The syntax for providing a single value can be confusing for inexperienced Python users.

Given the query

INSERT INTO mytable (fruit) VALUES (%s)

Generally*, the value passed to cursor.execute must wrapped in a sequence such as a tuple or list even though the value itself is a singleton, so we must provide a single element tuple, like this: (value,).

cursor.execute("""INSERT INTO mytable (fruit) VALUES (%s)""", ('apple',))

Passing a single string

cursor.execute("""INSERT INTO mytable (fruit) VALUES (%s)""", ('apple'))

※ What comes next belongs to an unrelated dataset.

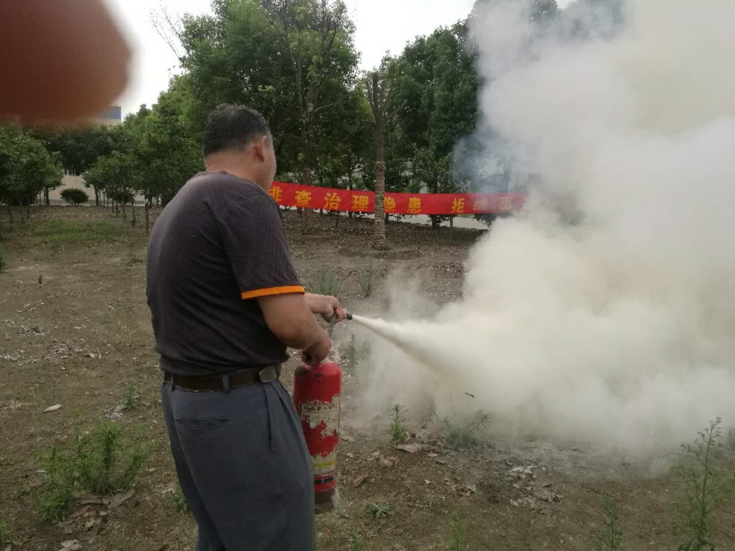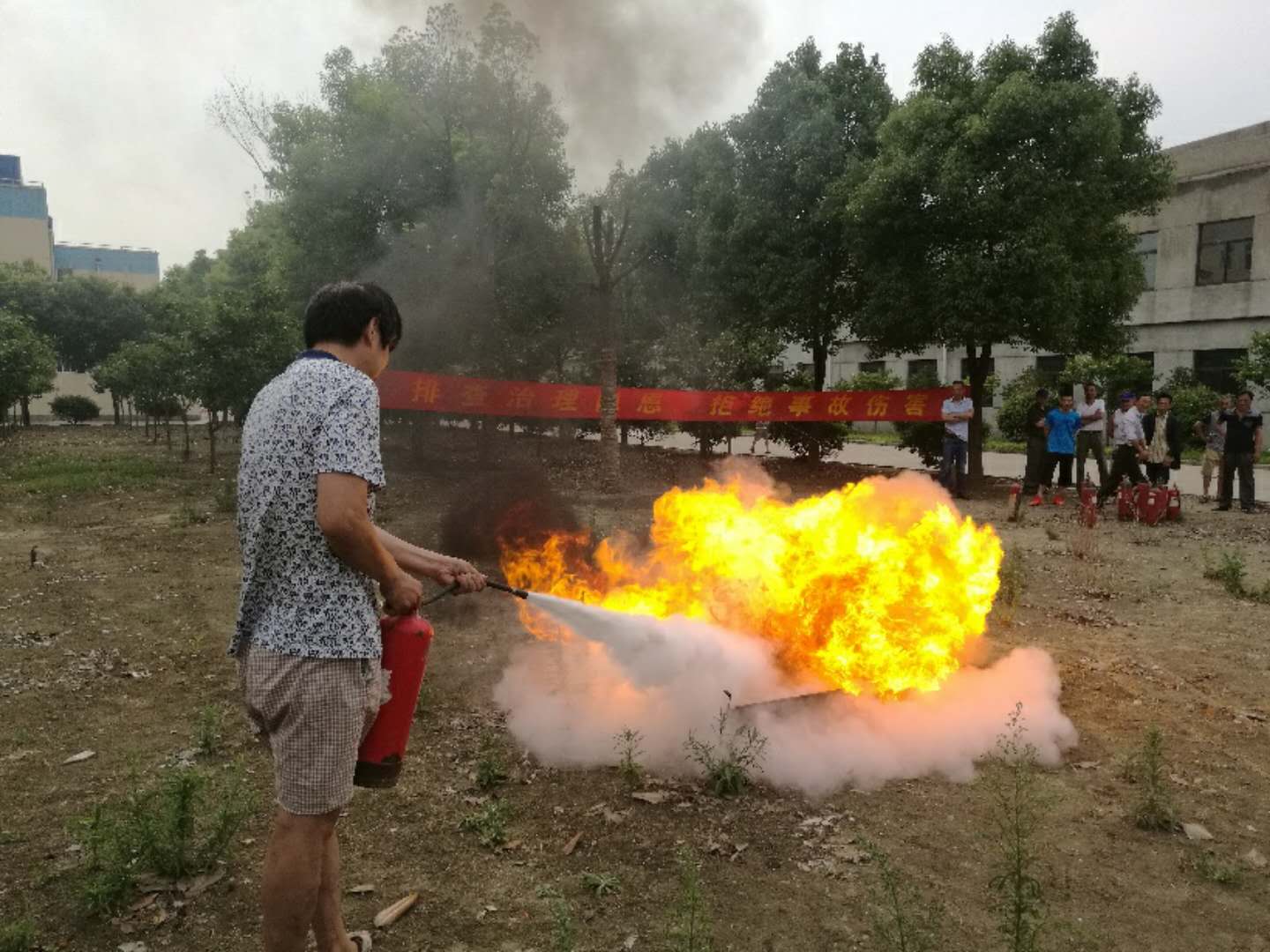 在消防安全知識(shí)培訓(xùn)結(jié)束后,消防員錢國(guó)圣、潘長(zhǎng)昭組織大家進(jìn)行油盆滅火消防演練。

will result in an error which varies by the DB-API connector, for example

  • psycopg2:

    TypeError: not all arguments converted during string formatting

  • sqlite3

    sqlite3.ProgrammingError: Incorrect number of bindings supplied. The current statement uses 1, and there are 5 supplied

  • mysql.connector

    mysql.connector.errors.ProgrammingError: 1064 (42000): You have an error in your SQL syntax;


* The pymysql connector handles a single string parameter without erroring. However it's better to wrap the string in a tuple even if it's a single because

  • you won't need to change the code if you switch connector package
  • you keep a consistent mental model of the query parameters being a sequence of objects rather than a single object.